8.2 PAYMENT AND APPLICATION OF INSURANCE PROCEEDS
Insurance proceeds payable with respect to damage to or
destruction of any Mortgaged Property or the Improvements related thereto,
including damage by earthquake, if in effect, shall be applied in accordance
with the terms of the applicable Mortgage. All other insurance proceeds shall be
payable in accordance with the provisions of the applicable policy.
8.3. EARTHQUAKE INSURANCE
Borrower shall maintain at all times or cause to be maintained
for its benefit with a Qualified Insurance Company, a blanket policy of
insurance insuring all of the Mortgaged Properties against damage by earthquake
in an aggregate insured amount not less than $22,300,000 and having a deductible
of not more than five percent (5%) per unit of earthquake insurance subject to a
$100,000 minimum (a unit being defined as each individual building on each
Mortgaged Property). Such earthquake insurance shall otherwise comply with the
requirements of SECTION 1.7.3 of the Mortgage.
9. SECURITIZATION
9.1. SECURITIZATION
Borrower shall use commercially reasonable best efforts to
cooperate with Lender in its activities in connection with the sale of the Loan
as a whole loan or any securitization of the Loan (the "SECURITIZATION"),
including obtaining ratings by the Rating Agencies in accordance with the terms
hereof and in accordance with the Cooperation Agreement. The Securitization will
involve the issuance of rated single- or multi-class securities secured by or
evidencing ownership interests in the Loan Documents (the "CERTIFICATES").
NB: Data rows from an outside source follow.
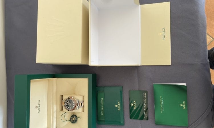 Je vend une montre Rolex, modèle GMT Master II Rolesor Everose. Je l’ai acheté neuve chez un revendeur officiel de la marque en mars 2024. Elle n’a jamais été portée. Je possède la facture d’achat à mon nom, la carte d’identification, la boîte et sur boîte, ainsi que les diverses notices d’emploi.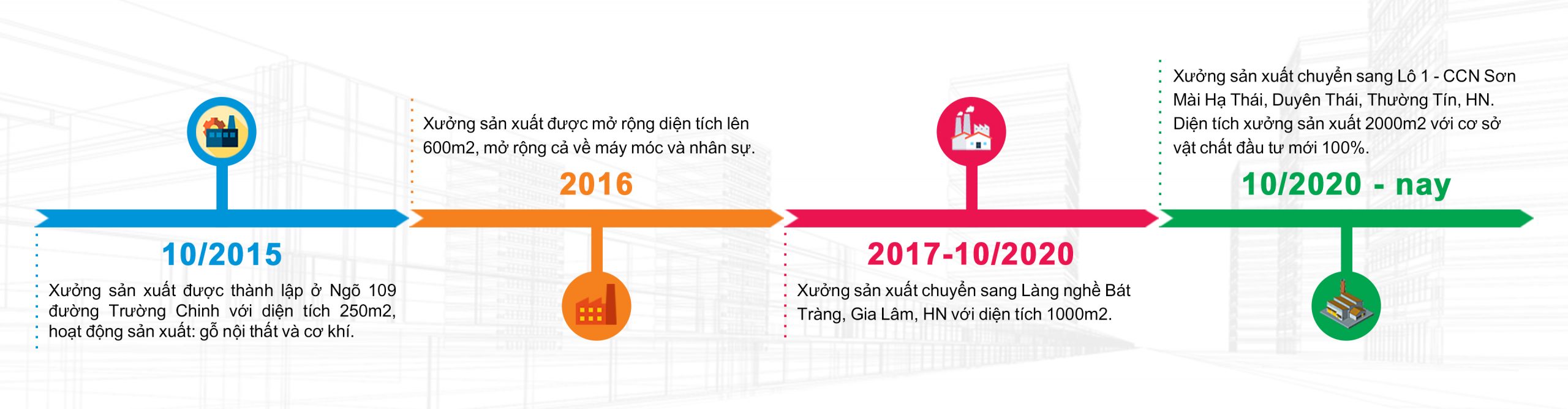 Trải qua gần 6 năm hình thành và phát triển, xưởng sản xuất nhỏ với quy mô 250m2 và 12 nhân viên đã được nâng cấp thành nhà máy với quy mô lên tới 2000m2, trang bị nhiều máy móc hiện đại để đáp ứng nhu cầu sản xuất, kinh doanh của Công ty.  Cho tới thời điểm hiện tại, đã có hàng chục ngàn sản phẩm và công trình được chúng tôi hoàn thiện.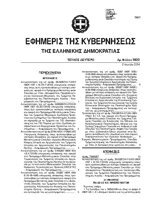 Αναζήτηση στα ΦΕΚ για:  αποδελτίωση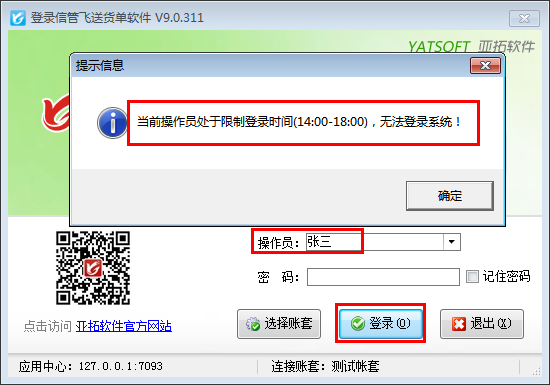 為了使用戶可以更好的管理公司賬套數據,信管飛送貨單軟件、信管飛RMS、信管飛出納記賬軟件、信管飛倉庫管理軟件都支持設置操作員的登錄限制,用戶可以自定義設置操作員登錄軟件的時間,設置后,操作員在受限制時間內則無法登錄軟件。 本文以送貨單軟件為例,介紹一下如何設置操作員登錄限制。 登錄軟件,在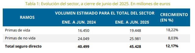 Al cierre del primer semestre de 2025, los ingresos por primas de las aseguradoras se han elevado hasta los 45.428 millones de euros, lo que significa un 12,17% más que en el mismo periodo del año anterior, según los datos provisionales recabados por ICEA y difundidos por Unespa. De esta manera, la recaudación del sector intensifica su crecimiento ya que, en los tres primeros meses del año, el volumen de primas del seguro aumentó un 6,8%. Hasta junio, el sector ha recaudado casi 5.000 millones más que 12 meses atrás.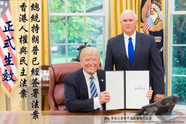 据联合早报:【白宫:特朗普已签署《香港人权与民主法案》】白宫发声明指,美国总统特朗普周三(27日)已签署《香港人权与民主法案》(Hong Kong Human Rights and Democracy Act)。
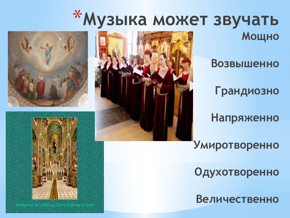 Слайд 15: Музыка может звучать Мощно Возвышенно Грандиозно Напряженно Умиротворенно Одухотворенно Величественно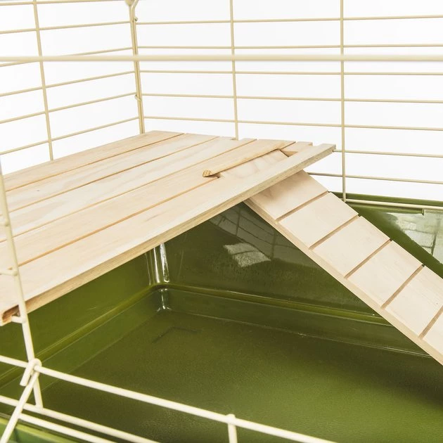 Welcome your little piggy home with the Ware Naturals 28-in Guinea Pig Cage. This starter kit includes a natural wooden hay rack, shelf and ramp, so your guinea pig has plenty of space to eat, sleep and play. The extra-deep plastic base is easy to clean and helps keep messes away from tables and floors. Plus, powder-coated wire and one-inch bar spacing help prevent unwanted escapes. Enjoy snap-in assembly with no tools required.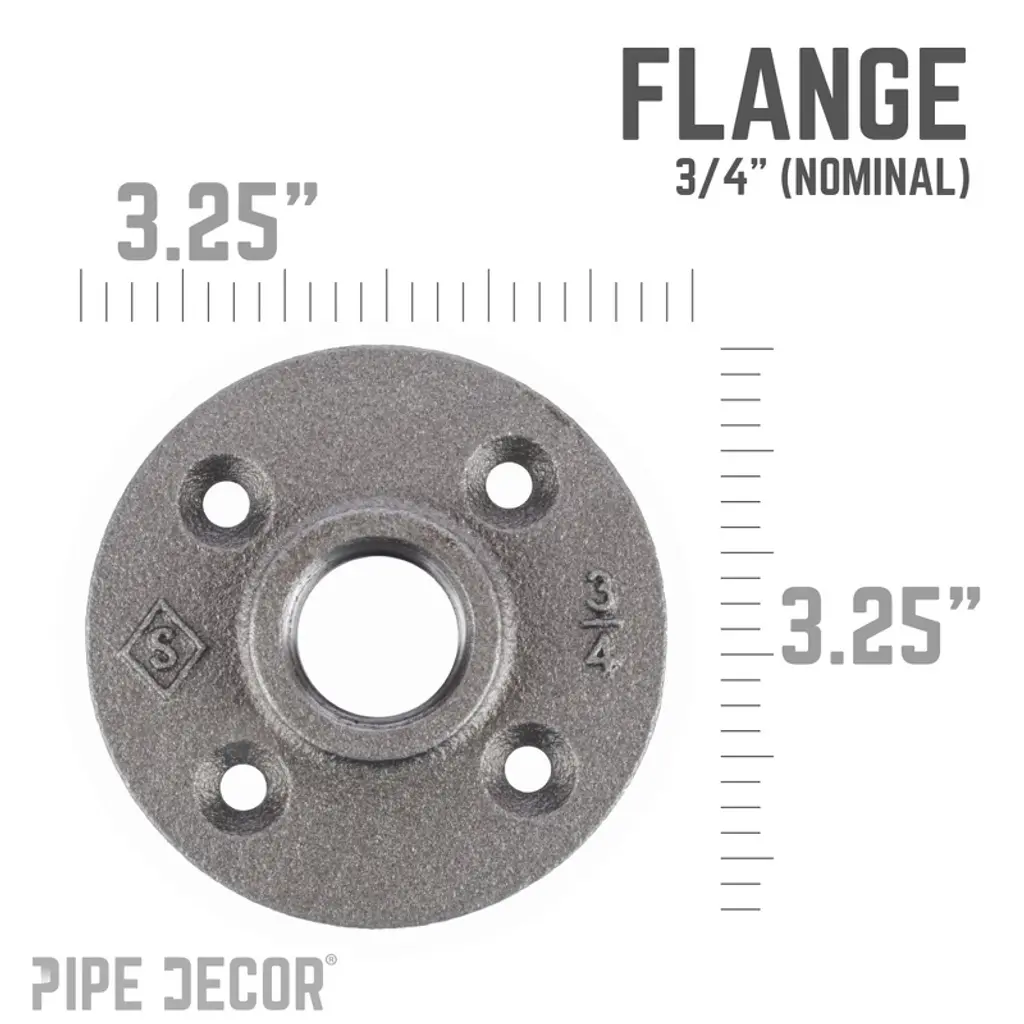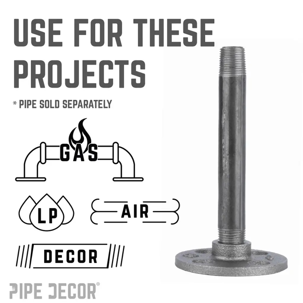 FLOOR FLANGES: The workhorse of pipe decor. These flanges work as feet, brackets or couplings in a pinch. Sturdy cast iron they will give you the support your project needs. AUTHENTIC INDUSTRIAL PIPE FITTINGS: These are genuine industrial pipe fittings that will stand the test of time. You will know Pipe Décor parts and accessories when you hold them. Beauty and beast. Strength and style. This is real industrial pipe for your decoration and designs. Accept no substitutes. Extra pieces and accessories are available for your custom fixture projects and expansions. Plug and play as desired. CREATE CUSTOM PIPE FIXTURES AND FURNISHINGS: Create a one of a kind shelf, table, lamp, or a piece of art that perfectly fits your space. CLEANING AND SEALING: Since these are unfinished cast iron components, industrial grease applied to each fitting and pipe in production to prevent rusting. remove the grease can with a cloth and any household cleaner. Seal the pipe any polyurethane spray to protect it from rust and scratches. WE ARE HERE TO HELP: Please reach out to us if you have any questions or issues of any kind. We stand by our products and are committed to our customers. We want you to be satisfied with your purchase and hope that you share your unique creations with us and your friends.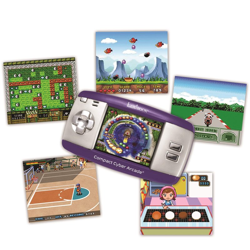 Compact Cyber Arcade Portable Gaming Console, 250 Games, LCD, Purple, JL2375PR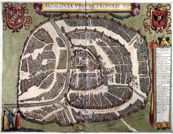 Москва или Московия, столичный город Белой России или великого княжества Московии, по величине своей ещё Ботером[7] отнесённая к четырём крупнейшим городам Европы, — после Константинополя, Парижа, Лиссабона — четвёртый; разделяется на четыре части. Первая, внутренняя — Китай-город, вторая — Белгород, каждая окружена своей стеной; третья — Скородум; четвёртая — Стрелецкая слобода; все они обнесены валом, или Полянкой, — из брёвен, засыпанных землёй; с прекраснейшими башнями. ...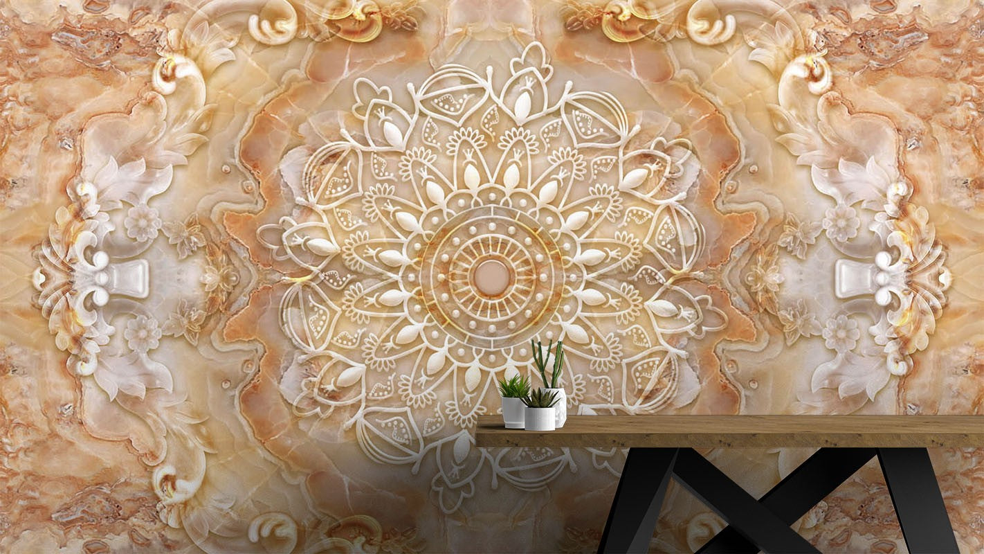 Floral Relif Texture Patterns Gold Wallpaper Mural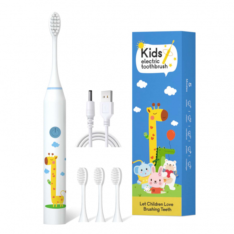 Электрическая зубная щетка детская ультразвуковая с насадками Огонёк OG-HBT02 Белая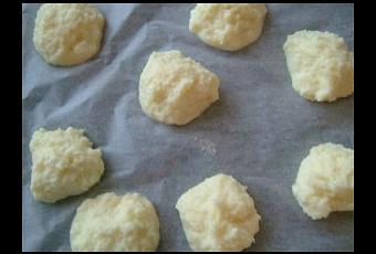 Mélanger le lait et la noix de coco de maniere à obtenir une grosse boule non liquide
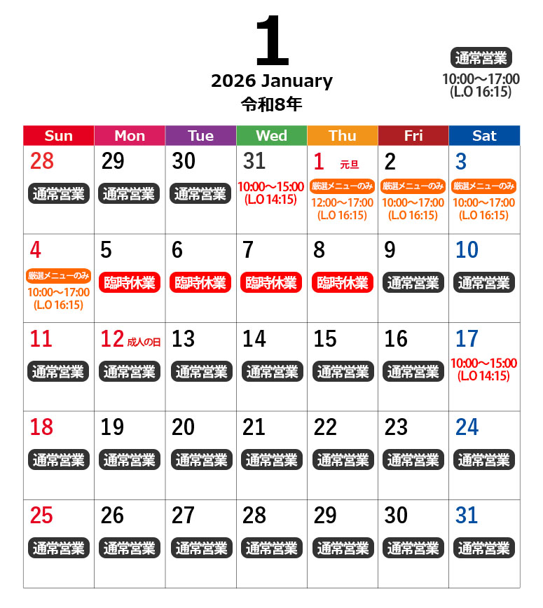 ■年末年始の営業は、下記のカレンダーをご覧ください。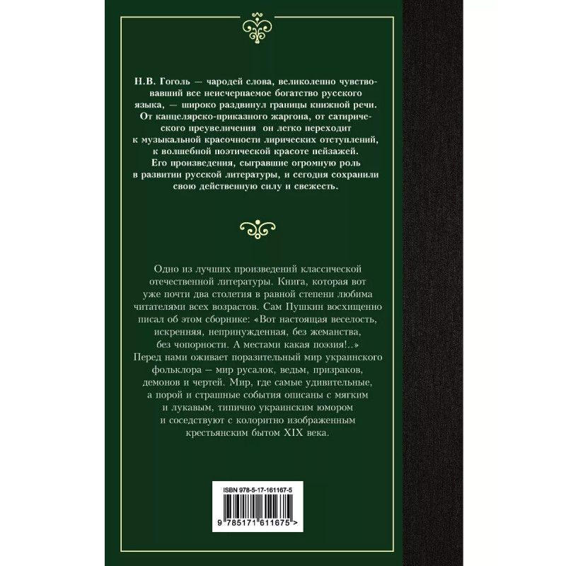 Вечера на хуторе близ Диканьки. Одна из первых и самых светлых работ Николая Васильевича Гоголя, написанная по мотивам украинского фольклора. Это острая сатира, ставшая одним из лучших произведений классической русской литературы. Николай Гоголь - знаковый отечественный писатель, внесший значительный вклад в развитие русской литературы.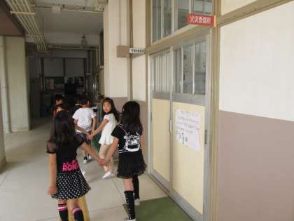 しっかりと1年生の手をつなぎ、いつも以上にゆっくりと廊下を歩く2年生。
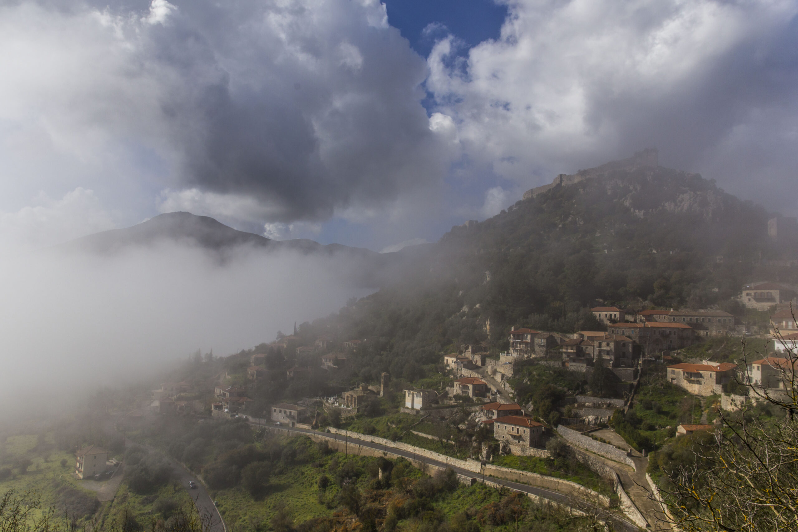 «Καλημέρα παιδιά, ωραία μέρα σας κάνει για φωτογράφιση». Είμαστε ήδη δυο μέρες στην περιοχή και οι ευγενέστατοι ντόπιοι προσφέρονται να μας βοηθήσουν στην περιήγηση και να απαντήσουν στις ερωτήσεις μας. Έχουν εξοικειωθεί, καθώς τον Σεπτέμβριο του ‘22, άνθρωποι με πολύ περισσότερο εξοπλισμό από εμάς και drone, ήρθαν στην Καρύταινα για να κάνουν γυρίσματα της σειράς «Μαύρο Ρόδο». Οι συντελεστές υποσχέθηκαν να ξανάρθουν και άλλη εποχή.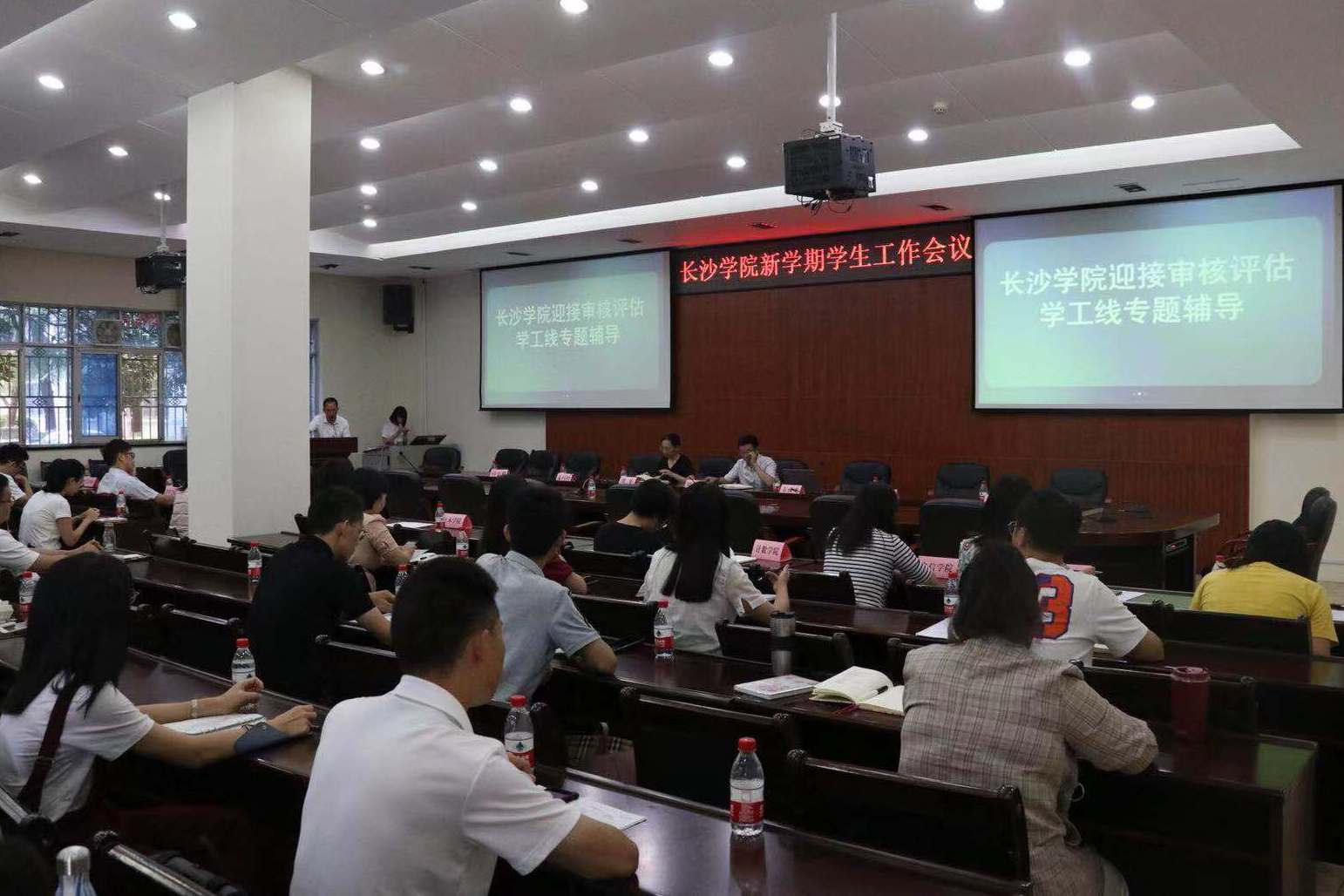 9月16日,学工部在图书馆一楼会议室组织召开新学期学生工作会议。副校长周明侠出席会议,校内评建专家组组长韦成龙教授为学工线教师做本科教学审核评估专题辅导。质评办、团委负责人,全体二级学院党总支副书记、辅导员参加会议。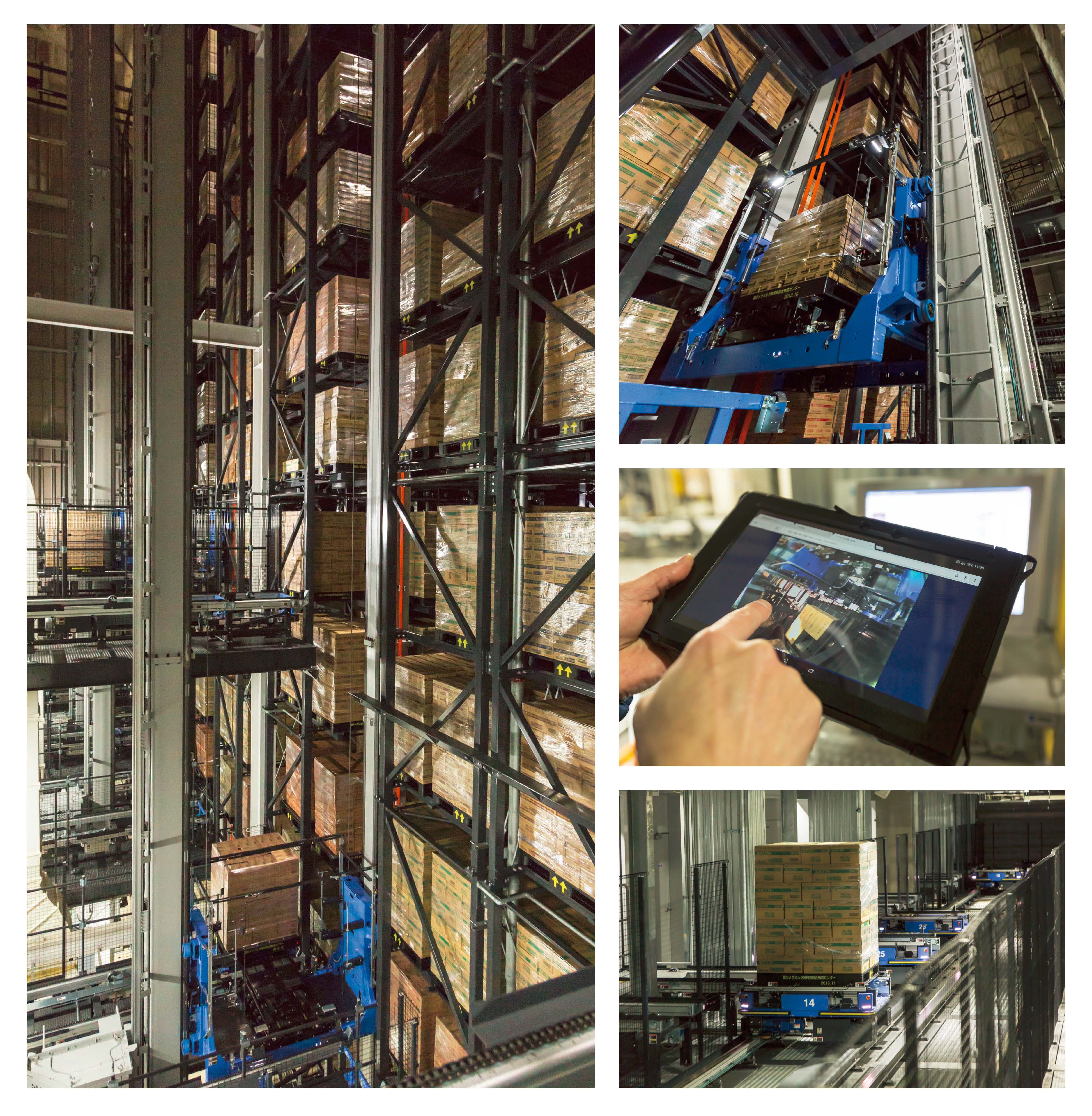 (1)日本最大規模的低溫自動倉庫系統。 (2)堆垛機配備雙叉雙深貨叉,是高密度高處理能力的自動倉庫。 (3)配備了一臺堆垛機的攝像機。通過視頻,使設備的狀態和狀態實時可視。 (4)高速有軌式搬送臺車RTN-X,作為自動倉庫的出入庫系統。 |

Borrower acknowledges and agrees that, in connection with the Securitization,
(a) this Agreement, the Mortgage Note, the Security Documents and the other Loan
Documents may be assigned, pursuant to the assignment, to a trustee (the
"TRUSTEE"), as trustee under a pooling and servicing agreement (the "POOLING AND
SERVICING AGREEMENT") in form substantially similar to those commonly used in
rated commercial mortgage-backed securities offerings and (b) pursuant to the
Pooling and Servicing Agreement, a professional loan servicer of recognized
standing (the "SERVICER") would be appointed to service the Loan, this Agreement
and the Loan Documents as provided therein. The addresses of the Trustee and the
Servicer will be provided to Borrower in writing before the Securitization is
consummated. Upon such assignment, the Trustee shall for all purposes be the
sole Lender hereunder and the sole mortgagee or beneficiary under the Mortgage
(and all references herein to the "Lender" shall be deemed to refer to the
Trustee) and shall, together with the Servicer, among other things, (i) have the
sole and exclusive benefit of and the right and power to exercise, or to direct
the exercise of, all the rights and remedies of Lender hereunder and under the
Security Documents, including the right to inspect the Collateral, to receive
notices and financial
-63-
71
information, to grant or withhold consents or approvals, to benefit from
indemnities, to receive, hold and apply proceeds or any other amount or property
provided by Borrower hereunder, and, upon the occurrence and during the
continuation of an Event of Default, to take any action required or permitted of
Lender with respect thereto, all in the Trustee's own name, and to exercise all
other rights and remedies of Lender hereunder and under the Security Documents,
and (ii) be bound by all the terms hereof which apply to Lender. Borrower hereby
acknowledges the foregoing and agrees to be bound to the Trustee, upon such
assignment, recognizing the Trustee as Lender hereunder as if the Trustee were
named in this Agreement as Lender, recognizing that the Servicer shall be
entitled to act on behalf of the Trustee and the Holders under and as provided
in the Pooling and Servicing Agreement and shall be entitled to and shall
receive all notices, financial and other information, agreements and other
documents to be delivered to Lender or the Trustee hereunder or under any of the
other Loan Documents and accepting and agreeing to all of the terms reasonably
set forth in the Pooling and Servicing Agreement and the exhibits thereto, all
of which shall be secured under the Security Documents. Upon such assignment,
Borrower's obligations to Lender specified in this Agreement shall be satisfied
by Borrower's tendering full and timely payment or performance thereof to the
Trustee or, if directed by the Trustee, to the Servicer. With respect to the
delivery of documents and other written material, the Trustee and the Servicer
shall have only the obligations expressly required of Lender herein or in the
other Loan Documents or of the Trustee or the Servicer in the Pooling and
Servicing Agreement. All rights and remedies of the Trustee as Lender hereunder,
including all indemnities running to Lender, shall also operate for the benefit
of the Servicer and the Holders, as provided in the Pooling and Servicing
Agreement, and shall be exercised by the Trustee and the Servicer in accordance
with and subject to the terms and conditions set forth in the Pooling and
Servicing Agreement. Borrower acknowledges and agrees that, until Borrower has
received notice from the Trustee to the contrary, and subject to the terms and
conditions set forth in the Pooling and Servicing Agreement to the contrary, all
deliveries and notifications to be made by Borrower to the Trustee, as Lender,
pursuant to this Agreement or any other Loan Document shall be made to the
Servicer only and not to the Trustee.
Borrower will cooperate with Lender to retain the Rating Agencies
to provide rating surveillance services on any Certificates issued in a
Securitization. Such rating surveillance shall be at the expense of Borrower.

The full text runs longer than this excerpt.